▶ **TASK PROMPT**
Repeat only the lines below that run from the line with "An impressive and" to the line with "据英丹上传的Whatapps对话截图,她询问对方在实习期间是否需要租房?", ends included; skip every picture.

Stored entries
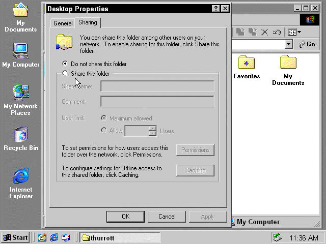 A final sharing option, caching, can also be set for users that may be accessing shares offline. You can allow or disallow caching of the share, and optionally determine how the share will cache documents and programs contained in the share if desired.
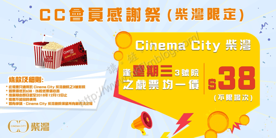 上圖所見,便是Cinema City柴灣戲院最新提供的優惠,並且以「CC會員感謝祭」為名,逢星期三Cinema City柴灣三院的票價均為38元,較2D成日票價65元便宜達27元,而有關優惠則直至今年12月12日為止。
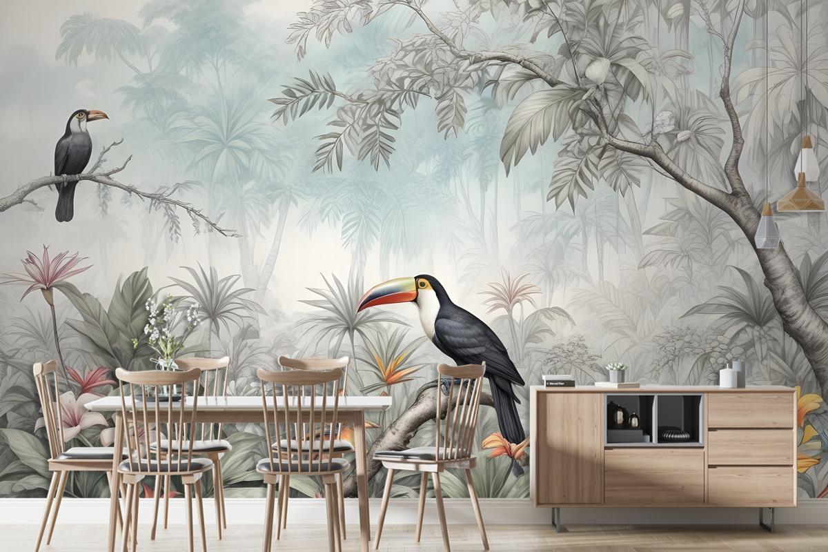 Vintage Tarihi Cennet Kuşu Sanat Duvar Kağıdı
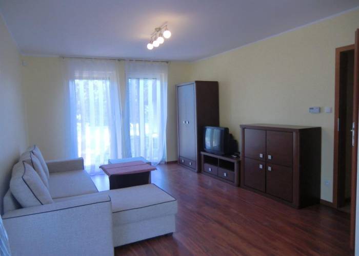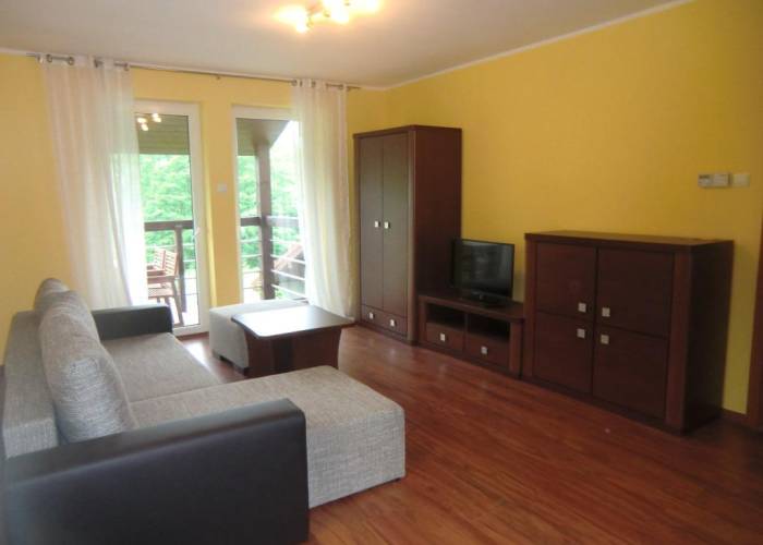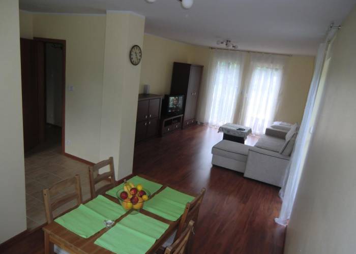 - pokoju dziennego umeblowanego . TV . Możliwość spania dla dwóch osób na rozkładanym komplecie wypoczynkowym o szerokości 1.4 m
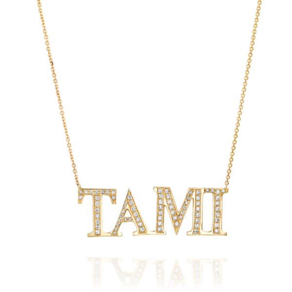 An impressive and glittering diamond necklace set with a 0.38-0.42 carat diamonds . A fashionable and present diamond necklace. It is possible to design any name between 3-5 letters, more than 5 letters will require an additional payment.
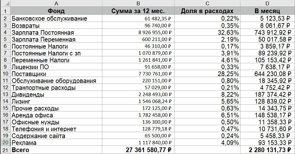 - Определяем сумму расходов исходя из средних расходов в месяц и планов на будущее. Т.е. мы смотрим сколько мы тратили в прошлом и сколько планируем (хотим) тратить в будущем. В таблицу заносим цифру с учетом корректировки на наши планы. Например: в прошлом году на «офисные нужды» мы тратили 11 358,33 руб./мес. В этом году хотим тратить 20 000,00 руб./мес. – эту цифру и заносим в таблицу для расчетов.
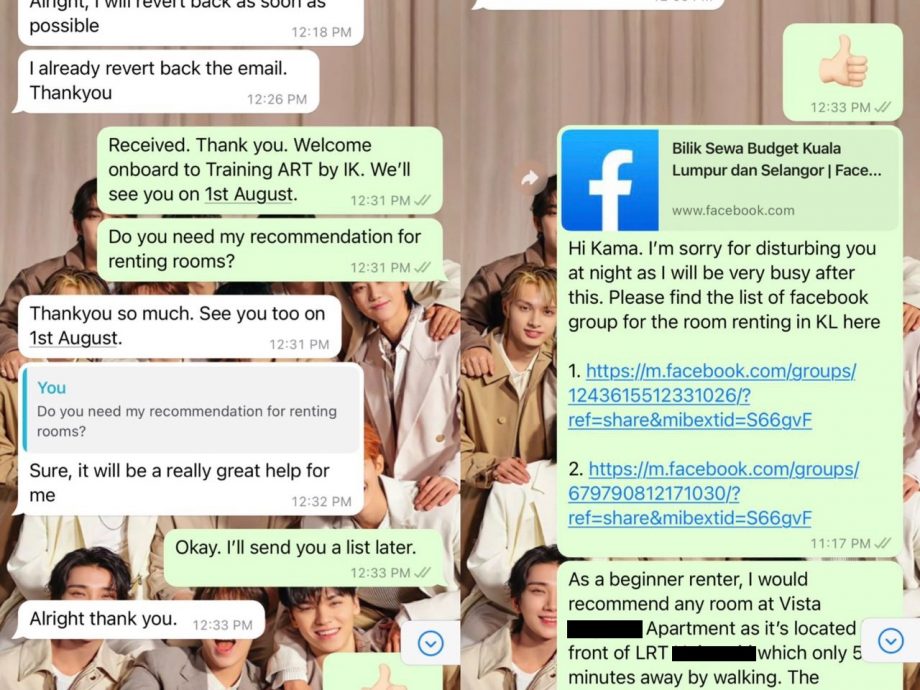 据英丹上传的Whatapps对话截图,她询问对方在实习期间是否需要租房?
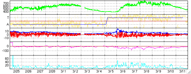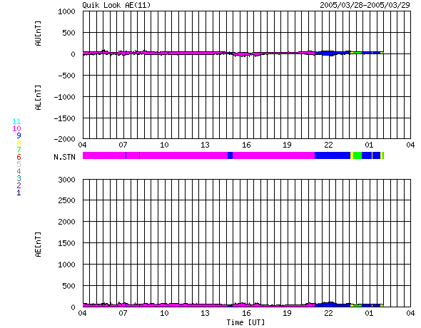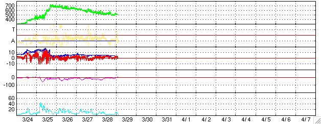 2005/ 3/29 12:01 更新 高速太陽風の領域を抜けつつあります(速度500km/秒)。オーロラ活動はとても穏やかです。 担当 篠原 太陽風の速度は更に緩やかに低下を続けています。 現在は500km/秒と「やや速い」程度にまで下がっています。 磁場強度も5nTから4nTにやや下がっています。 南北成分を見ると(赤線)、北寄りに偏る傾向が強まっています。 このため、地球の磁気圏へのエネルギーの流れ込みがほとんど無くなっている様で、 オーロラ活動を示すAE指数のグラフには全く変化が見られていません。 太陽風の速度はこのまま更に低下して、静穏レベル(400km/秒程度)へ戻って行くでしょう。 SOHO EIT284の観測が依然停止していますので、コロナホールの最新状況が分かりにくくなっていますが、 27日周期の図を参考にすると、これから4日間程度は穏やかな状態が続きそうです。 その後、4月2日頃から、次のコロナホールの影響が始まると予想されます。 前周期の上の図を見ると、3月6日頃から太陽風が大きく乱れているのが分かります。 放射線帯の高エネルギー電子の密度は、昨日以上の増加は見られていません。 青線が警戒レベルに達している程度で、このまま下がって行く可能性が高そうです。 太陽のフレア活動はとても静かです。 黒点群も745の小さな群が1つ、やや西寄りに見えているだけです。 今後も静かな状態が続きそうです。 ACEが観測した太陽風の磁場(1番上の枠、白線は全体の強度、赤線は南北成分) および、太陽風の密度(3番目の橙線)、速度(4番目の黄線) (c) NOAA/SEC ![]() リアルタイムAE指数 下段のAEグラフの値が高くなると、オーロラ活動が活発化しています。 (c) 京都大学, NICT ![]() 27日の太陽周期に合わせたデータプロット (太陽風版) 太陽が同じ面を地球に向けていた27日前の変化から、今後を予想することができます。 (c) NICT

▶ **RESPONSE BOX**
 An impressive and glittering diamond necklace set with a 0.38-0.42 carat diamonds . A fashionable and present diamond necklace. It is possible to design any name between 3-5 letters, more than 5 letters will require an additional payment.
 - Определяем сумму расходов исходя из средних расходов в месяц и планов на будущее. Т.е. мы смотрим сколько мы тратили в прошлом и сколько планируем (хотим) тратить в будущем. В таблицу заносим цифру с учетом корректировки на наши планы. Например: в прошлом году на «офисные нужды» мы тратили 11 358,33 руб./мес. В этом году хотим тратить 20 000,00 руб./мес. – эту цифру и заносим в таблицу для расчетов.
 据英丹上传的Whatapps对话截图,她询问对方在实习期间是否需要租房?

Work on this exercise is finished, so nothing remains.